Omit all pictures. Reproduce exactly the lines from the first line of the records below through the line with "Boîte couverte circulaire".

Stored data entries
━━━━━━
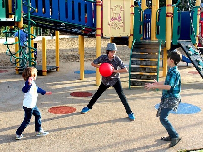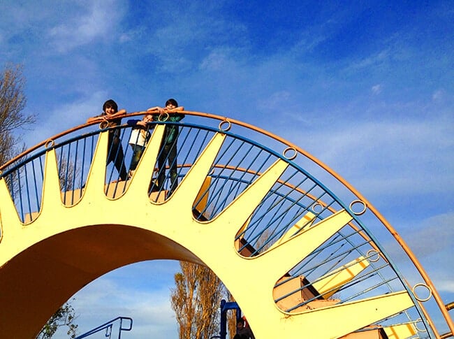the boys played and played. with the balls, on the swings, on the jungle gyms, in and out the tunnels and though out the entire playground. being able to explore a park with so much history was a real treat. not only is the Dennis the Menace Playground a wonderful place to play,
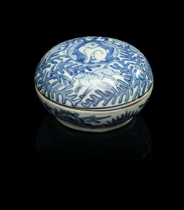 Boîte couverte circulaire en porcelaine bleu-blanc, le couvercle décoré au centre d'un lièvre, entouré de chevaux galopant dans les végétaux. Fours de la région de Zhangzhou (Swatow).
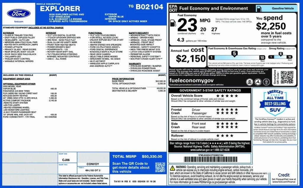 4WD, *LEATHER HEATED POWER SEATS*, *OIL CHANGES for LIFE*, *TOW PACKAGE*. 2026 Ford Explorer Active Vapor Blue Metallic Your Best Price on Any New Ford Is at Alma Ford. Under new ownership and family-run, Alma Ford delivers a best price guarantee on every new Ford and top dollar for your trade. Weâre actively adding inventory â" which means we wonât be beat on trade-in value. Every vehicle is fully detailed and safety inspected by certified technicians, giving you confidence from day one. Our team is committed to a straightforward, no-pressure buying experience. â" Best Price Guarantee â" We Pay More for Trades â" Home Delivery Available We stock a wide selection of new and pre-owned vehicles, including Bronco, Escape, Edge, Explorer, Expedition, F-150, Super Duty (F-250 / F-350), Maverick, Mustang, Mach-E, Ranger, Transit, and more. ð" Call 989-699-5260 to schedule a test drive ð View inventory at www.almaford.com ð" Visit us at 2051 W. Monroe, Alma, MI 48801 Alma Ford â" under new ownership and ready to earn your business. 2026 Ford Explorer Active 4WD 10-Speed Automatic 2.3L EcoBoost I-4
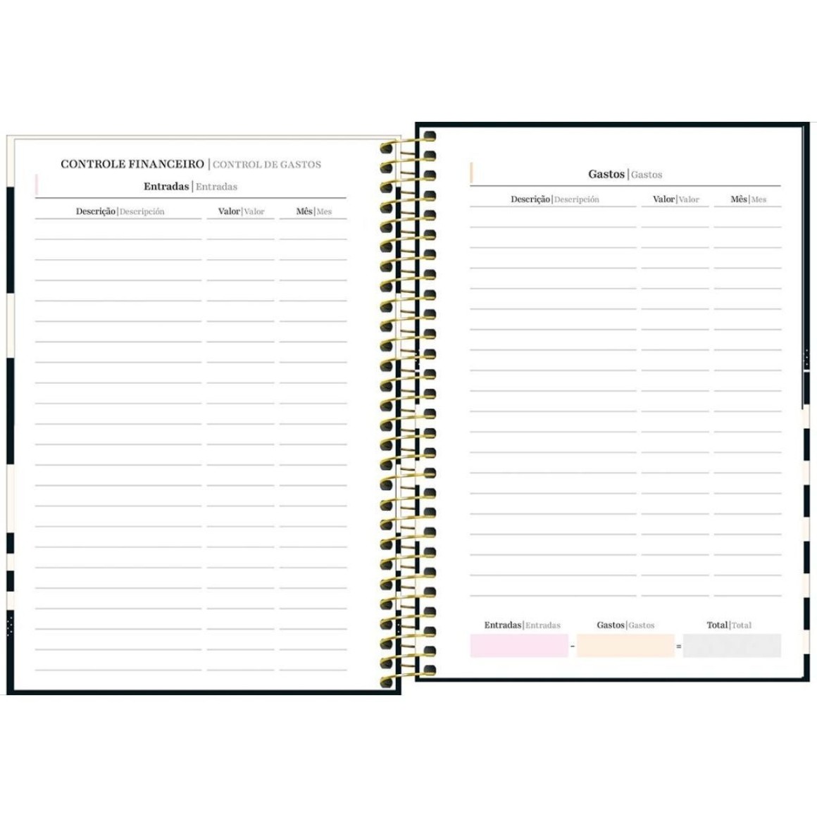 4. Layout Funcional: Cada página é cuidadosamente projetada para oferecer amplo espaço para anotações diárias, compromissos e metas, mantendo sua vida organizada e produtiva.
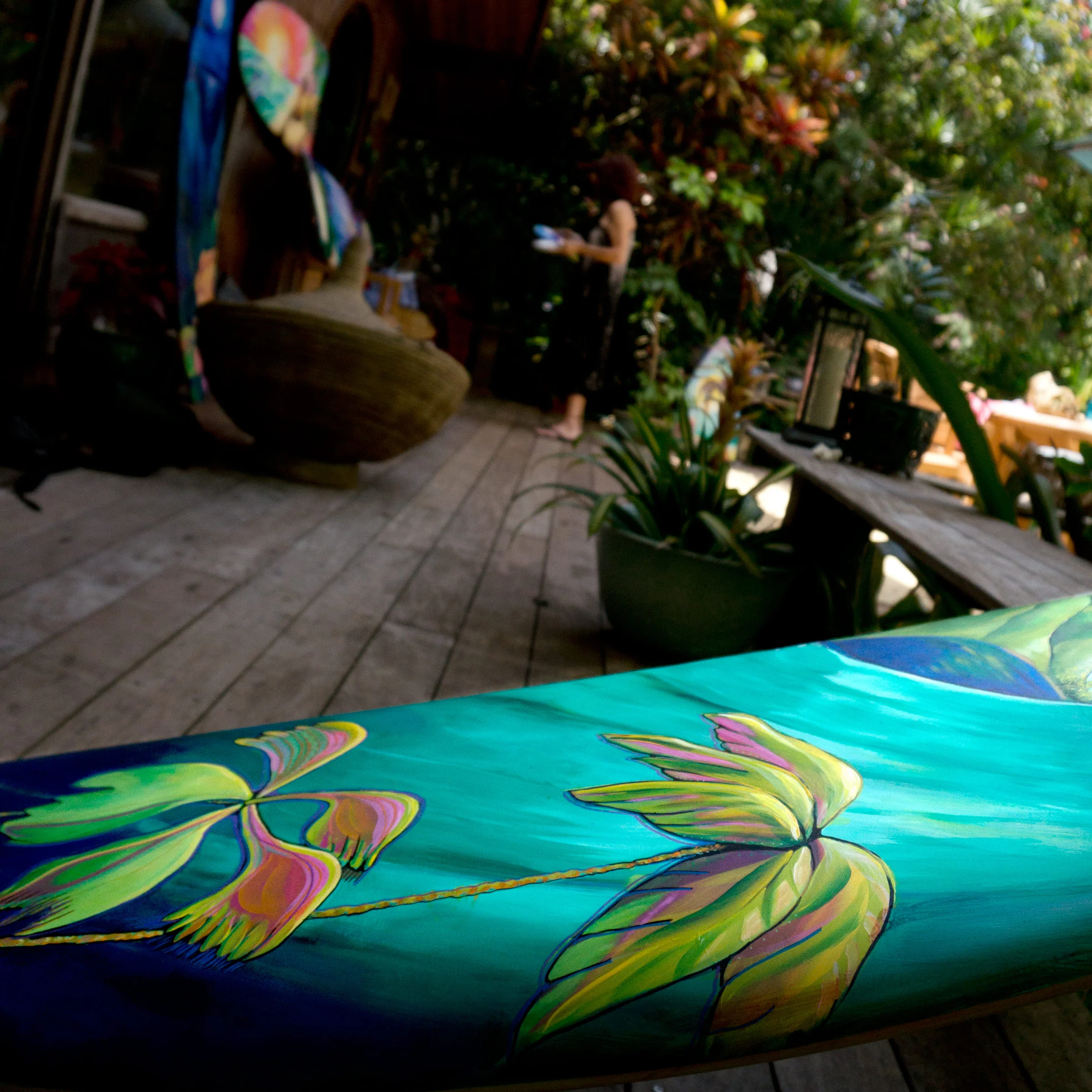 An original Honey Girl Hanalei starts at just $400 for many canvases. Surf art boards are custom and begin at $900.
━━━━━━
Response below →
the boys played and played. with the balls, on the swings, on the jungle gyms, in and out the tunnels and though out the entire playground. being able to explore a park with so much history was a real treat. not only is the Dennis the Menace Playground a wonderful place to play,
 Boîte couverte circulaire en porcelaine bleu-blanc, le couvercle décoré au centre d'un lièvre, entouré de chevaux galopant dans les végétaux. Fours de la région de Zhangzhou (Swatow).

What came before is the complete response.